A Story by Peter Rogerson
"

All Abrahamic faiths play a similar tune and I wonder who decided on the first note....

"

In the midst of laughter there were tears. In the midst of life the kidling died. This day the kidling, another day someone else's.

That was the way of things back then. Death roamed the world, the village, the valley-floor, swam in the swashbuckling stream that surged in winter and oozed placidly in summer, climbed the mountains that led to other valley floors and other villages, left its trail wheresoever it went.

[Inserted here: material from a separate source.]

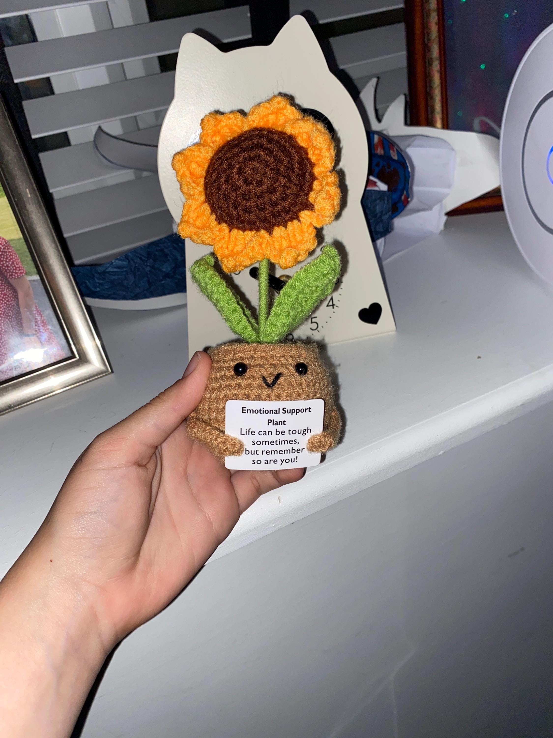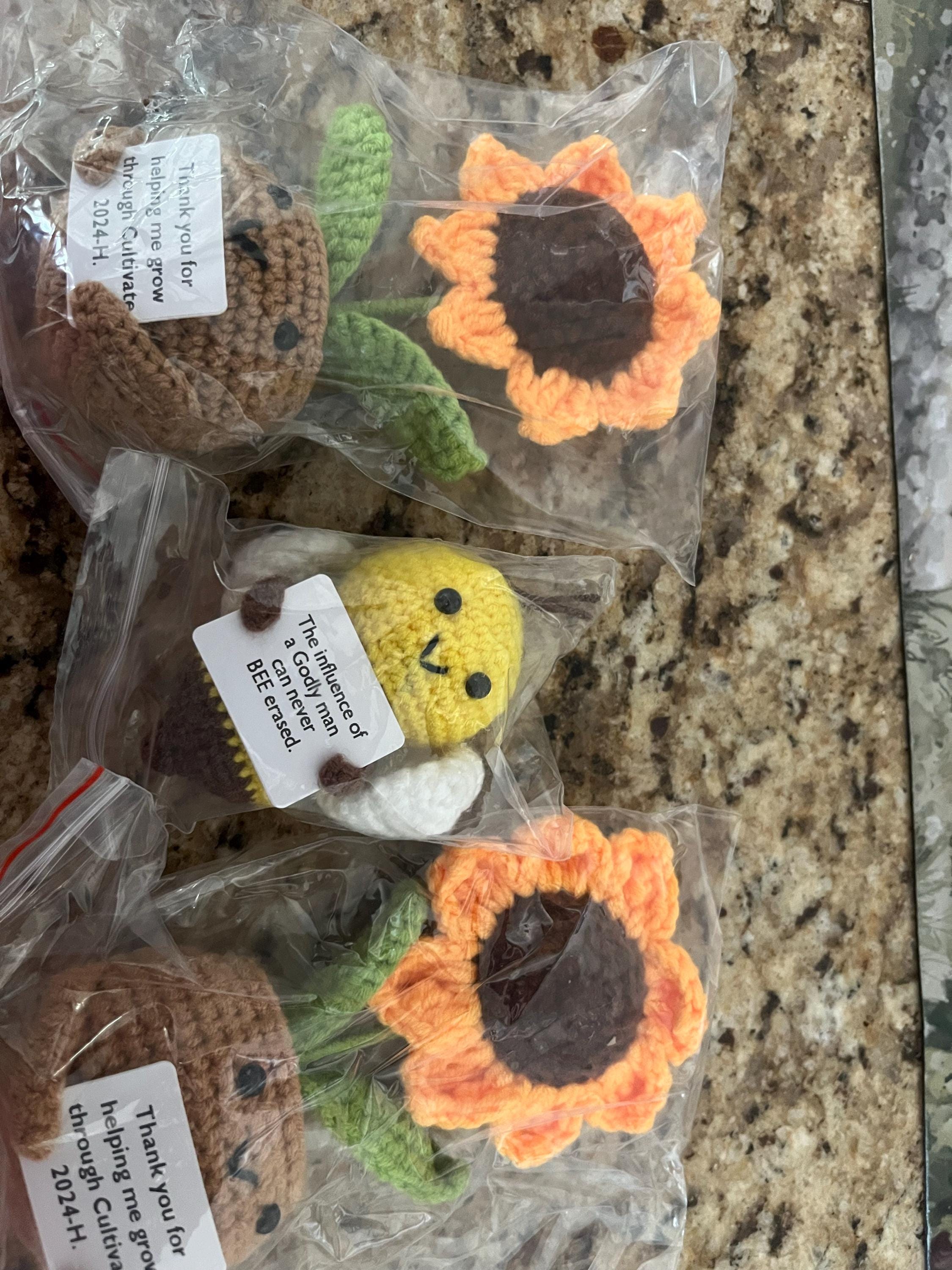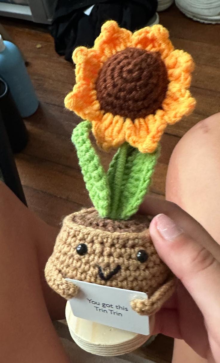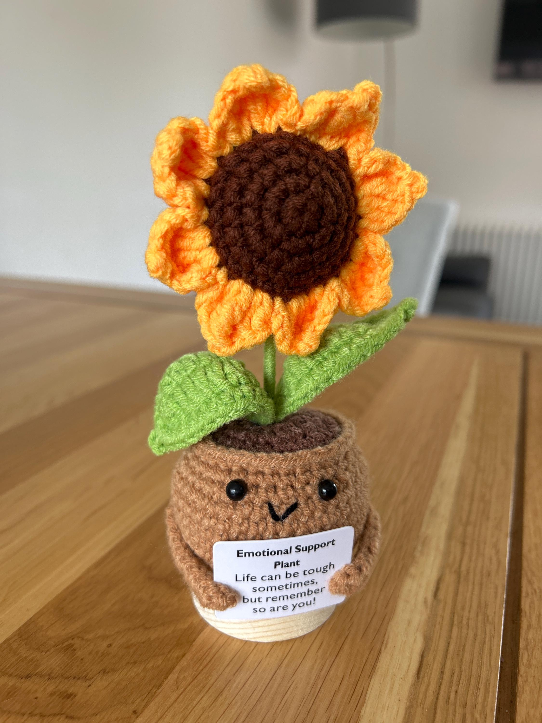 Presenting our charming handmade crochet sunflower potted plants and bees, carefully crafted to bring joy and emotional support to any environment. More than just decorations, these pieces embody heartfelt appreciation and encouragement.

Death was the only guaranteed companion to life, and few people survived beyond thirty summers without finally meeting it. And that was the age of the Oldsters, the Wise Ones: they were all around thirty summers old, and gnarled. It was like some power ordained it, some great dealer of fortune selected those who, toothless, ruled.

And now in the height of a sparkling summer the kidling had died. Three summers old, and dead already, son of Dongle and Unga and, they had hoped, a promise for the future, for their future when age slowed them or starved them. Yet nobody was shocked and not even many people paused to mourn. If you mourned every life passing you'd be constantly mourning. That was how it was.

What happens when we die?” asked Dongle one day. Dongle was so-called because his member was enormously long and widely admired throughout the neighbourhood, even as far away as the next village. A man's fertility was judged by the girth of his member. So much was well known and told down the generations, father to son though less often mother to daughter. Even Crud respected the certainty. He had to.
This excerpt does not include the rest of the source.